第19話 三斗の悪巧み

 ***



「……すっごい……んだけど」


 三斗に連れて来られたのは、ゲストハウスから徒歩二十分――城の裏手にある広い庭園だった。


 三斗みとは『悦びの庭プレザンス』と呼んでいたが、後継者争いの元でもある、噂の『聖樹の庭ガーデンオブセフィロト』だ。


 暖かい光に包まれたその場所は、多種多様な花がグラデーションに並べ植えられていた。


 他にも、仕掛け噴水ウォーター・サプライズやバラが絡みついた格子垣トレリスの四阿などもあり、貴婦人が日傘をさして歩く姿が浮かんだ。


 ただ、あれほど城に声を響かせていた野鳥などの姿は見えず。というより、不自然なくらい植物以外、生物の気配がなかった。


 美しいとはいえ、取り合いになるような場所だとは思えない穏やかな庭に入ると、三斗は思い出したように給水栓を開き、転がっていたシャワーホースで灌水かんすいを始めた。


「……あれ? これってアヤメだよね? こっちはヒヤシンス? ……こんな寒い時期に咲くもの?」


 詩津しづは近くにあった東洋系の花に目をとめる。庭の色どりは綺麗にまとめられていたが、よく見ればその種類は滑稽なほど幅広い。


 三斗は詩津の問いにすぐには答えず、水栓を止めた。そしてどこからともなく軍手を持ってくると、今度は雑草を抜き始める。
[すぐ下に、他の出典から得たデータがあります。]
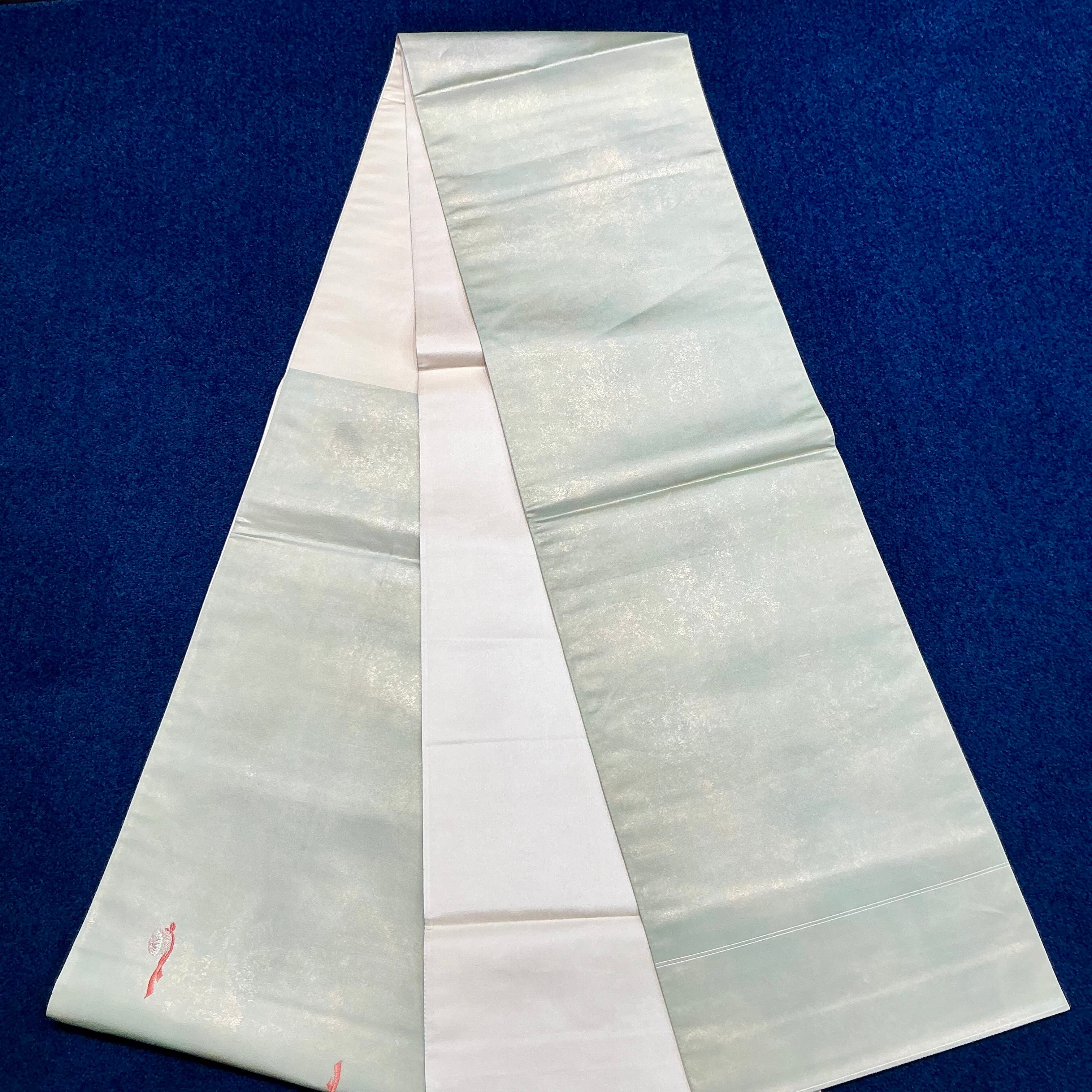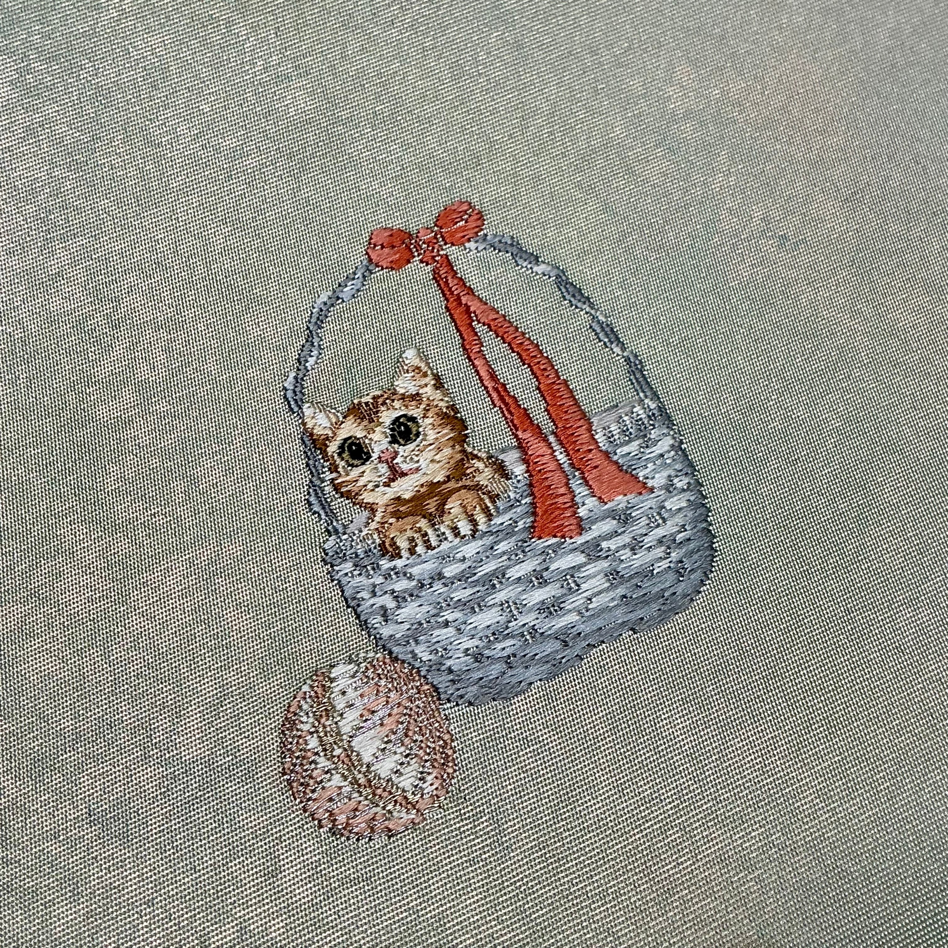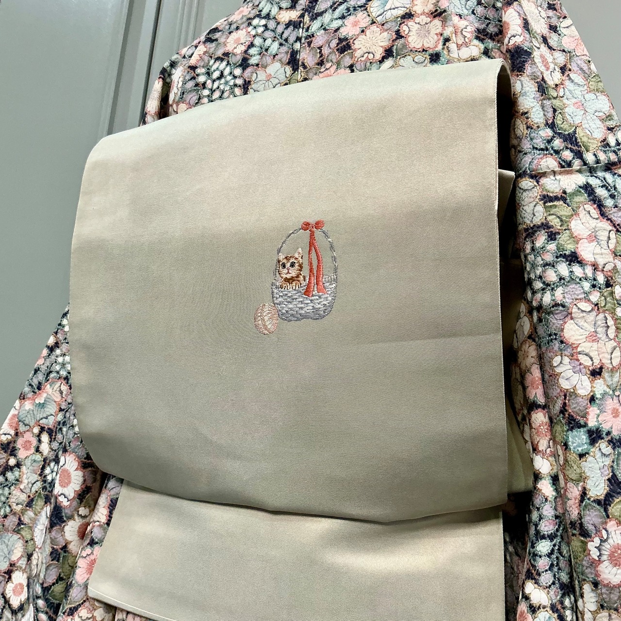 ほんのりとミント×シルバーの地色に、鞠と猫の刺繍がとってもキュートな洒落袋帯です

 庭の様子によく気がつく雰囲気から、三斗は園丁に慣れているらしい。


「そこらへんは春くらいの……今より暖かい時期のもんかな?」


「あ、こっちにはヒマワリまである! なんで? どういう仕掛け?」


「ここは、すっげぇ昔に、通りすがりの魔女が魔法で育てた庭だから、四季も気候も関係なく花を咲かせることができるんだって。おかげで雑草も育ちやすいけどな」


 三斗がムキになって雑草を抜くのを見て、詩都も同じように屈んで雑草処理を手伝い始める。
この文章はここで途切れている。